Hardbound

In troubled waters

Rajashree Nambiar reviews Swimming with Sharks

|
Published 8 years ago on Apr 19, 2016 3 minutes Read

The financial crisis of 2008 has not only led regulators and governments to scrutinise how the world of finance works, but also forced researchers and journalists to conduct their own investigations into the matter. We have had the privilege to read many such masterpieces over the past seven years, but nothing has been as simple and self-explanatory as Joris Luyendijk’s book Swimming with Sharks. Luyendijk is a Dutch investigative journalist who has more experience of Gaza and Lebanon than the financial districts of London, and whose knowledge about the banking sector was scant at best. Like many, he also believed that bankers were ruthless, competitive, bonus-obsessed sharks and irrelevant to his life. Then, he was assigned to investigate the financial sector in London. Luyendijk’s candid interviews reveal some chilling details about the banking world, but there other very human aspects that give you a very different perspective.

The journalist spoke to elite hedge fund managers, million-dollar-bonus-earning investment bankers, demoralised back-office staff, unloved HR managers and those made redundant in the industry’s regular ‘culls’. These insiders confessed to being overwhelmed by the technological and mathematical opacity in the business. When Lehman Brothers went down in 2008, they said they hoarded food, put their money in gold and prepared to evacuate their children to the countryside. They also said that nothing has changed since the crash.

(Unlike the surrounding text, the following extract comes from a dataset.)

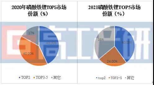 從磷酸鐵鋰正極材料企業(yè)競(jìng)爭(zhēng)格局看,2020年TOP5市場(chǎng)份額為83%,2021年TOP5市場(chǎng)份額為64%,市場(chǎng)集中度下降,原因是:1)2016年到2020年上半年,受補(bǔ)貼政策影響,磷酸鐵鋰正極材料需求幾乎停止增長(zhǎng),競(jìng)爭(zhēng)激烈,不少磷酸鐵鋰材料企業(yè)停產(chǎn)或破產(chǎn),市場(chǎng)集中度提升;2)2020年下半年開始,磷酸鐵鋰需求大幅度增加,很多停產(chǎn)的磷酸鐵鋰企業(yè)復(fù)產(chǎn),并引起新的競(jìng)爭(zhēng)者進(jìn)入磷酸鐵鋰行業(yè),磷酸鐵鋰正極材料企業(yè)變多,市場(chǎng)集中度降低。

However, most agreed that even if there are rotten apples on every tree, they get weeded out quickly. Luyendijk says that while from the outside it looks like business as usual, there is total fear inside. And although there are a tonne of new rules, the DNA of the sector is intact: the same conflicts of interest, same perverse incentives and same mentality. The crisis is going to happen again, he adds, except this time we may not have the money or time to bail out banks and avert the real catastrophe. 

Luyendijk explains that finance does not so much need a better culture or nicer bankers as it does a better architecture. It should no longer be legal or lucrative for a banker to act against the interests of clients, shareholders, taxpayers, the economy, or even the bank itself. But how will this be implemented? After all, banks are organised globally, so they can play off one country against the other. The book explains that very large and complex financial firms often end up creating ‘too big to fail’ institutions that do not internalise the social risks of their actions. 

After reading the book, one can clearly see through the vulnerability of individual bankers in the system and the way excessive risk-taking has affected its stability. But the author says we need to have faith that regulators and individual bankers will strive for better regulated, sustainable and stable institutions, without any shortcuts. But Luyendijk ends the book on a chilling note, asking, ‘What if the bankers themselves aren’t the real enemy? What if the truth about global finance is more sinister than that?’